Except we already know of some species that communicate chemically - ants, for example.  So, when all else fails, we'll start checking that.

And, maybe they won't be used to vibrating air to communicate, but they are likely to be able to sense air vibrations (because whether or not they talk, knowing when a stinkless slug-eater is sneaking up on them is a good thing).

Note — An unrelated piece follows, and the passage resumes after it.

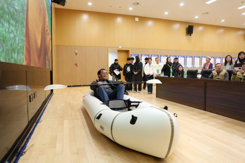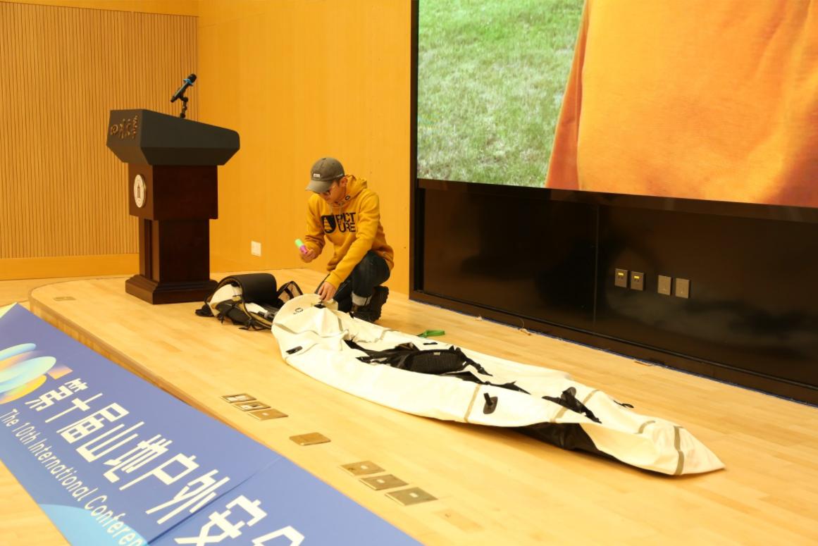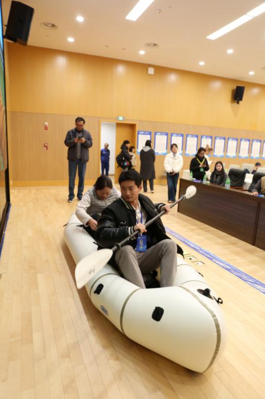 此次会议,MRS现场还带来了获得“2024亚洲户外大奖“金奖产品勘探员背包船,向大家展示了背包船在便携性、安全性及环境适应性方面的突出优势,同时邀请四川大学的同学和嘉宾们进行近距离试乘体验,在教练的指导下,亲身感受了背包船的操作特性。

Remember, even someone who is deaf and blind from birth can figure out how to communicate, if given an option.


----------



## Tequila Sunrise (Jul 23, 2013)

Janx said:


> Well, it's possible for a telekinetic pseudopod that communicates by smell.  they can use their mind to move things (like building a space ship and holding it together in space).  So they won't be used to us vibrating air around to communicate, and we're just going to think they stink.
> 
> But we can both probably point at things, which will allow us to start referring to objects and ourselves, which will probably get us somewhere in rudimentary communication.



Quite the optimist, aren't you?

I imagine we'll be communicating with them via _very_ long distance radio waves before we ever get close enough to smell or hear each other.


----------



## Kaodi (Jul 23, 2013)

Yeah, I think that as long as the content of the communication is intelligible to us, figuring out how to give rough translation is inevitable, no matter how different their physical process of thought and "speech" is.


----------



## Janx (Jul 24, 2013)

Kaodi said:


> Yeah, I think that as long as the content of the communication is intelligible to us, figuring out how to give rough translation is inevitable, no matter how different their physical process of thought and "speech" is.




I suspect that if the alien is corporeal, able to percieve our reality then we probably have some things in common and can muddle our way through figuring out names and identifying some basic objects.  I'm certainly betting that once we misunderstand them and start a war with them, their "alien" mindset will not be so different that we can't fathom their strategy or they'll get themselves annihilated when they employ their unstoppable rear firing pillow cannons while waddling higgledy piggledy towards our moon, because they're mindset is so different they're morons with bad battle strategy.


----------



## Remus Lupin (Jul 24, 2013)

This last exchange reminds me of Thomas Nagel's philosophical essay "What Is It Like to Be a Bat?"

Here's an excerpt:



> If anyone is inclined to deny that we can believe in the existence of facts like this whose exact nature we cannot possibly conceive, he should reflect that in contemplating the bats we are in much the same position that intelligent bats or Martians7 would occupy if they tried to form a conception of what it was like to be us. The structure of their own minds might make it impossible for them to succeed, but we know they would be wrong to conclude that there is not anything precise that it is like to be us: that only certain general types of mental state could be ascribed to us (perhaps perception and appetite would be concepts common to us both; perhaps not). We know they would be wrong to draw such a skeptical conclusion because we know what it is like to be us. And we know that while it includes an enormous amount of variation and complexity, and while we do not possess the vocabulary to describe it adequately, its subjective character is highly specific, and in some respects describable in terms that can be understood only by creatures like us. The fact that we cannot expect ever to accommodate in our language a detailed description of Martian or bat phenomenology should not lead us to dismiss as meaningless the claim that bats and Martians have experiences fully comparable in richness of detail to our own. It would be fine if someone were to develop concepts and a theory that enabled us to think about those things; but such an understanding may be permanently denied to us by the limits of our nature. And to deny the reality or logical significance of what we can never describe or understand is the crudest form of cognitive dissonance.


----------



## Janx (Jul 24, 2013)

Remus Lupin said:


> This last exchange reminds me of Thomas Nagel's philosophical essay "What Is It Like to Be a Bat?"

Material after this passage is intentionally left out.